Data provided Block Start

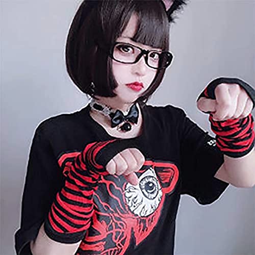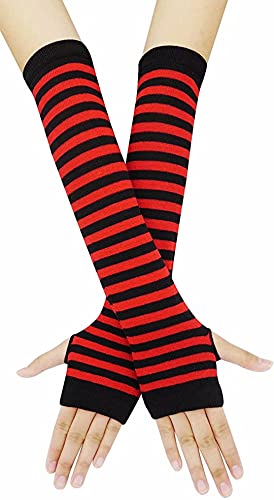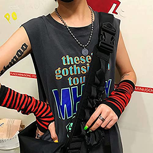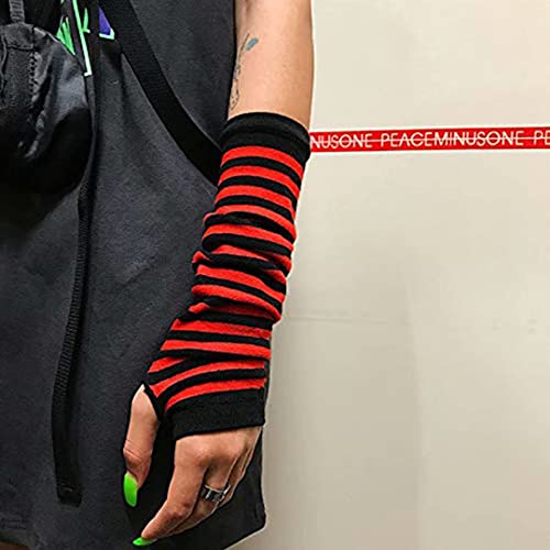 Mesyo - ميسيو قفازات قوطية بدون اصابع لتدفئة الذراع الطويلة، قفازات محبوكة بفتحة الابهام قابلة للتمدد
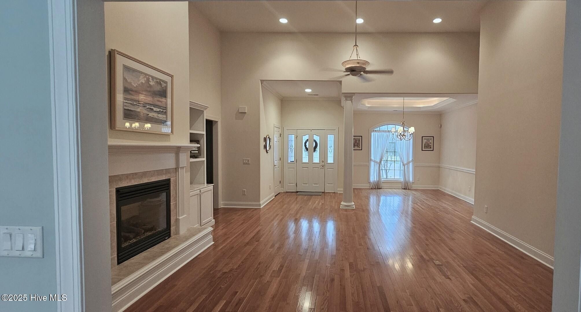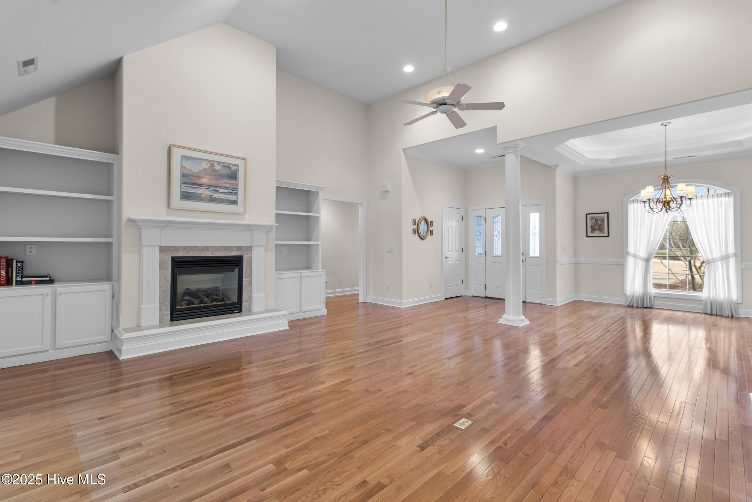 - Blinds/Shades, Gas Log, Whirlpool, Walk-In Closet(s), Walk-in Shower, Vaulted Ceiling(s), Tray Ceiling(s), Solid Surface, Pantry, Master Downstairs, High Ceilings, Ceiling Fan(s), Bookcases
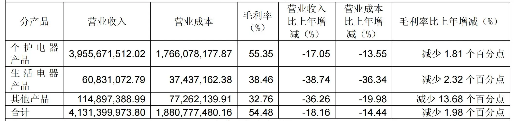 年报显示,分产品来看,不管是个护电器还是生活电器,其营收跟毛利率都出现不同程度的下滑。
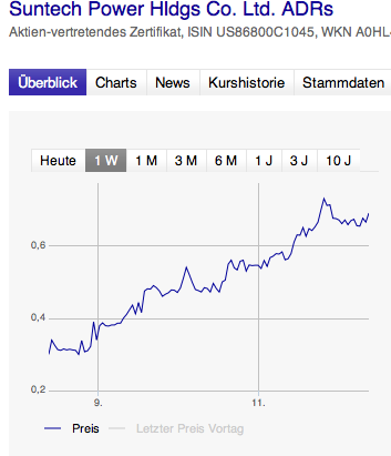 Der Bericht der Hongkong Economic Times, dass MidAmerican Energy an Suntech Power interessiert sei, elektrisierte die ADRs von Suntech Power die seit dem um knapp achtzig Prozent kletterten. Die Spekulationen um einen Einstieg eines Investors verdichteten sich, da das China Securities Journal mitteilte, dass ein Vertreter von Suntech Power sagte, das „Unternehmen, über welches berichtet wird, sei auf Suntech Power zugekommen. In den kommenden Tagen will Suntech Power ein offizielles Statement dazu veröffentlichen. Reuters berichtete am Mittwoch, dass Suntech Power nach Käufern für einen Teil des Projektgeschäftes und des Vertriebs suche. Auch wolle man einen strategischen Investor mit ins Boot holen, so die Nachrichtenagentur unter Berufung auf einen Person mit Kenntnis des Vorgangs.
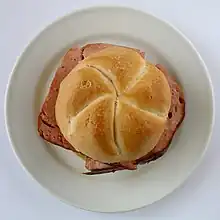 - en tranche, chaud, placé dans un petit pain — appelé en Bavière —, assaisonné de moutarde. Le résultat, généralement appelé (ou Leberkäsweggla en Franconie), se rencontre souvent dans les fast-food bavarois et autrichiens ;
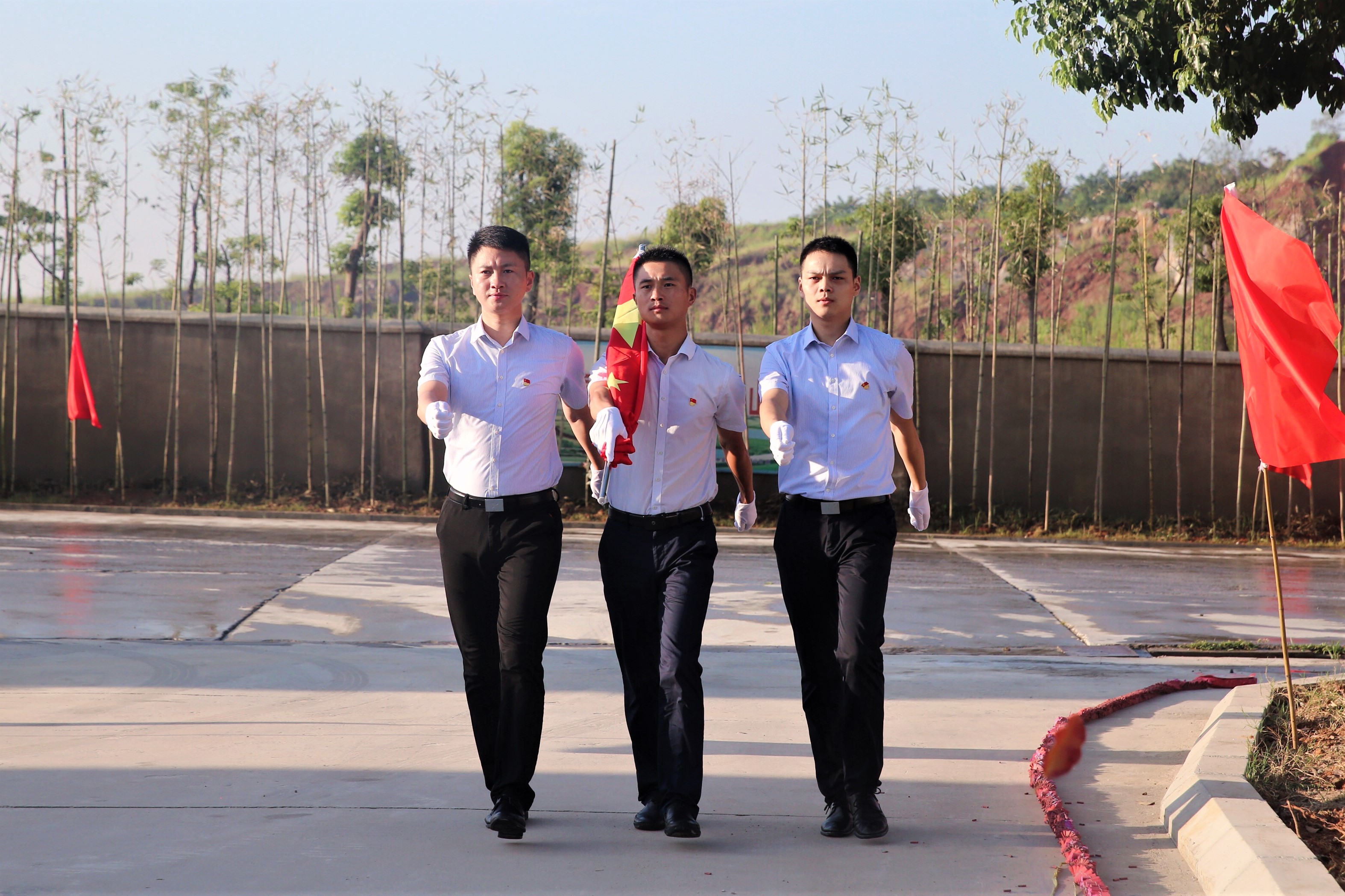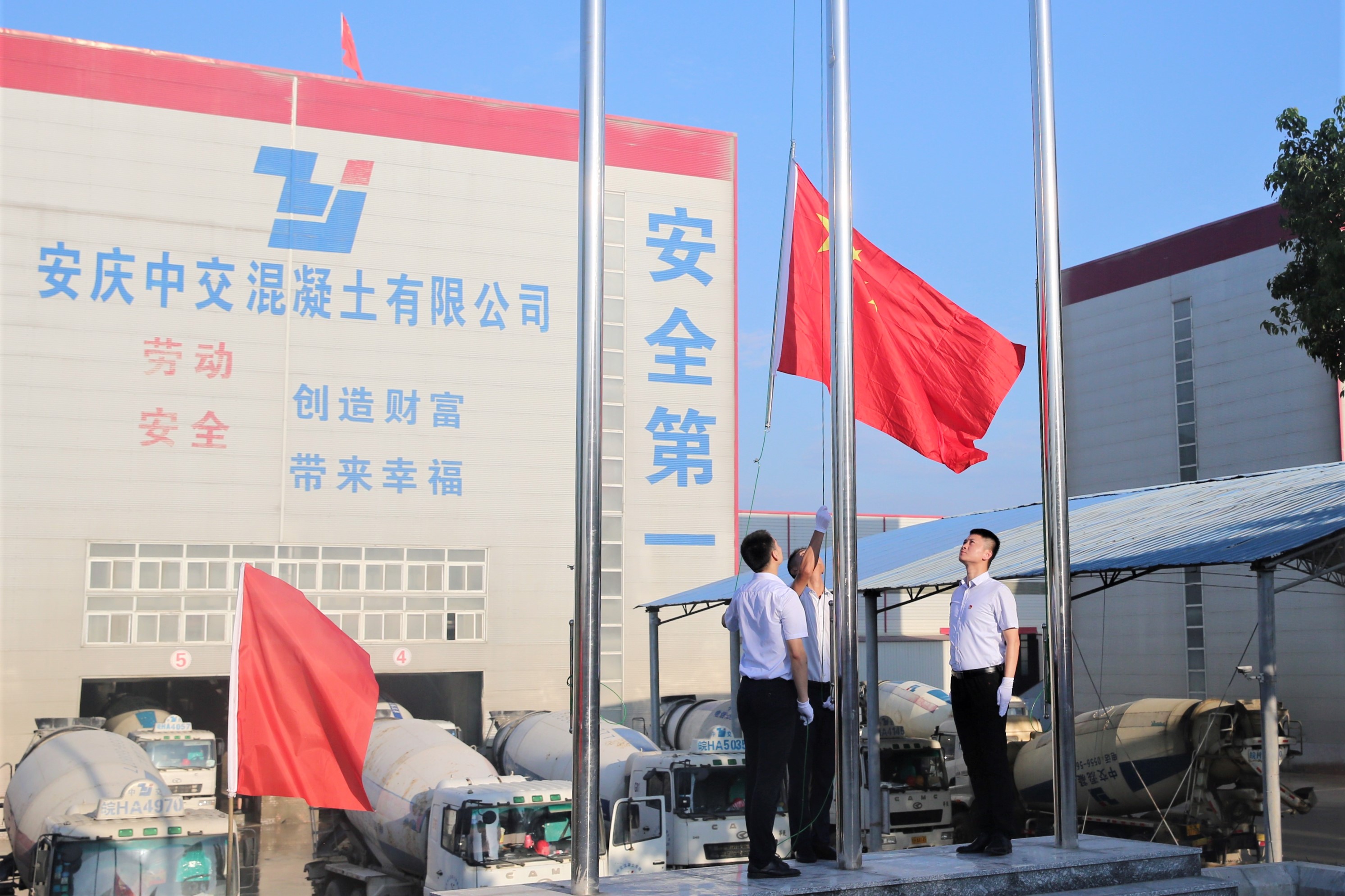 早上7時(shí)整,伴隨著雄壯的義勇軍進(jìn)行曲,升旗手昂首闊步邁入辦公樓廣場(chǎng)前,全體員工列隊(duì)迎接,在催人奮進(jìn)的國(guó)歌聲中,五星紅旗冉冉升起。隨著集團(tuán)公司董事長(zhǎng)的一聲號(hào)令,現(xiàn)場(chǎng)鞭炮鳴響,彩旗飄揚(yáng),生產(chǎn)線一片繁忙,車輪滾滾,機(jī)器轟鳴。

Data provided Block End

> **Problem statement**: Reproduce exactly the entries from their first line through the line containing "- en tranche, chaud, placé", including both, and omit any pictures.

> **Exercise result**:
 Mesyo - ميسيو قفازات قوطية بدون اصابع لتدفئة الذراع الطويلة، قفازات محبوكة بفتحة الابهام قابلة للتمدد
 - Blinds/Shades, Gas Log, Whirlpool, Walk-In Closet(s), Walk-in Shower, Vaulted Ceiling(s), Tray Ceiling(s), Solid Surface, Pantry, Master Downstairs, High Ceilings, Ceiling Fan(s), Bookcases
 年报显示,分产品来看,不管是个护电器还是生活电器,其营收跟毛利率都出现不同程度的下滑。
 Der Bericht der Hongkong Economic Times, dass MidAmerican Energy an Suntech Power interessiert sei, elektrisierte die ADRs von Suntech Power die seit dem um knapp achtzig Prozent kletterten. Die Spekulationen um einen Einstieg eines Investors verdichteten sich, da das China Securities Journal mitteilte, dass ein Vertreter von Suntech Power sagte, das „Unternehmen, über welches berichtet wird, sei auf Suntech Power zugekommen. In den kommenden Tagen will Suntech Power ein offizielles Statement dazu veröffentlichen. Reuters berichtete am Mittwoch, dass Suntech Power nach Käufern für einen Teil des Projektgeschäftes und des Vertriebs suche. Auch wolle man einen strategischen Investor mit ins Boot holen, so die Nachrichtenagentur unter Berufung auf einen Person mit Kenntnis des Vorgangs.
 - en tranche, chaud, placé dans un petit pain — appelé en Bavière —, assaisonné de moutarde. Le résultat, généralement appelé (ou Leberkäsweggla en Franconie), se rencontre souvent dans les fast-food bavarois et autrichiens ;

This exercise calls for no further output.